++++ Collected data ++++

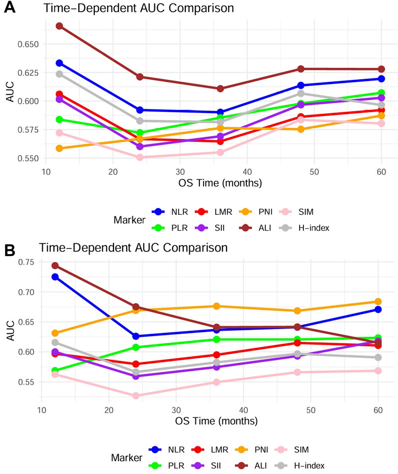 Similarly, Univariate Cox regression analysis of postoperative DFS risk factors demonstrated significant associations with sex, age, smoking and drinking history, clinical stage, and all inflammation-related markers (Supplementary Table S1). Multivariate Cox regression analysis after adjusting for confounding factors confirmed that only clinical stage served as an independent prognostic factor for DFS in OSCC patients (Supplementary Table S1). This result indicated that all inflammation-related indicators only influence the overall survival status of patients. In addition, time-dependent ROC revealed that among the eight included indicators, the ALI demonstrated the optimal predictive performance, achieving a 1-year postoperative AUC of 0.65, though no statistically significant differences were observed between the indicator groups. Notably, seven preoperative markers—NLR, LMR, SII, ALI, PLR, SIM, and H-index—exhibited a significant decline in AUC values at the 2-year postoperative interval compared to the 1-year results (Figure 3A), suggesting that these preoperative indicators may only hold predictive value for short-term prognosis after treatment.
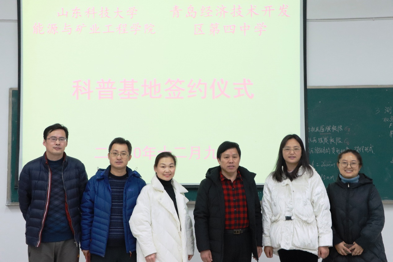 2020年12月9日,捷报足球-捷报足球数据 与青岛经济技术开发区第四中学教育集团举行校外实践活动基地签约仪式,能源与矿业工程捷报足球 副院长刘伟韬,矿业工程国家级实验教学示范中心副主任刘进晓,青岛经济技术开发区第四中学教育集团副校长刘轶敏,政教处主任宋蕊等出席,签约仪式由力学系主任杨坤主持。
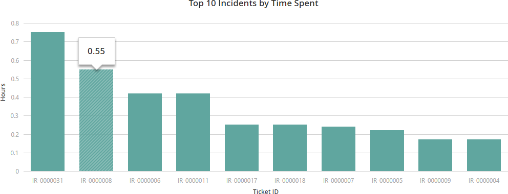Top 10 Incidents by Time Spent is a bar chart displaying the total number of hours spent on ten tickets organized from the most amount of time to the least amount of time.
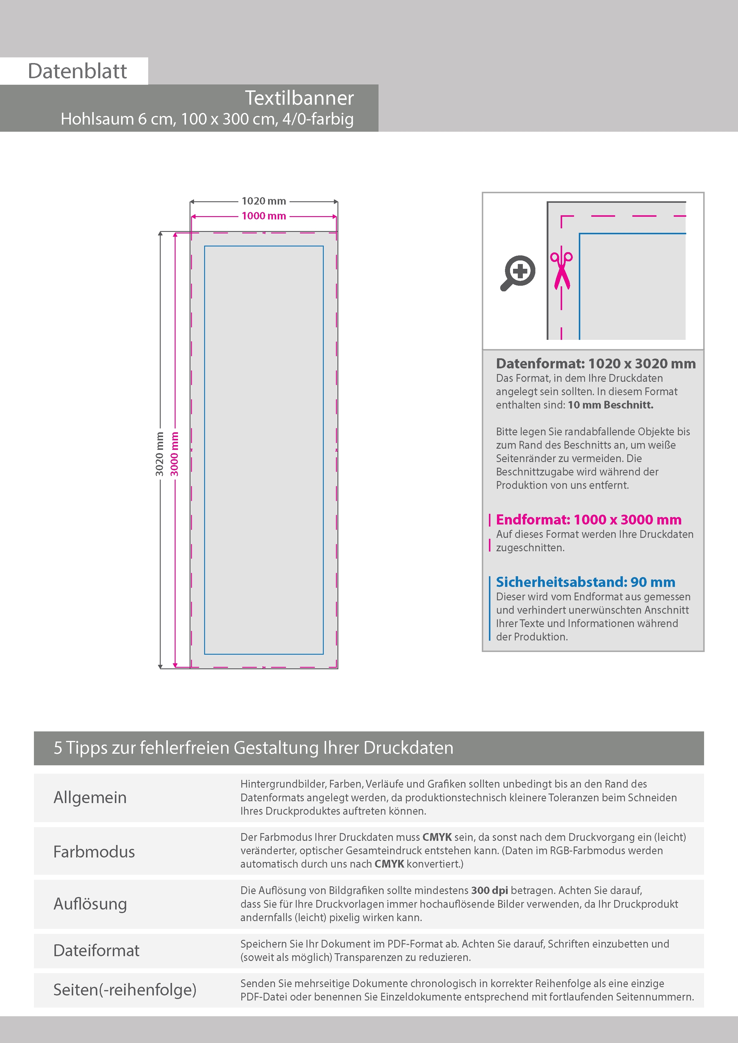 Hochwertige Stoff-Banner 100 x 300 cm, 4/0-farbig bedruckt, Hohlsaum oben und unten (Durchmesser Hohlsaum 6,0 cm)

++++

--- Task objective ---
The copy runs from the line containing "Top 10 Incidents" through the last line of the material, both ends included. Reproduce those lines exactly and drop the pictures.

--- Answer for this exercise ---
Top 10 Incidents by Time Spent is a bar chart displaying the total number of hours spent on ten tickets organized from the most amount of time to the least amount of time.
 Hochwertige Stoff-Banner 100 x 300 cm, 4/0-farbig bedruckt, Hohlsaum oben und unten (Durchmesser Hohlsaum 6,0 cm)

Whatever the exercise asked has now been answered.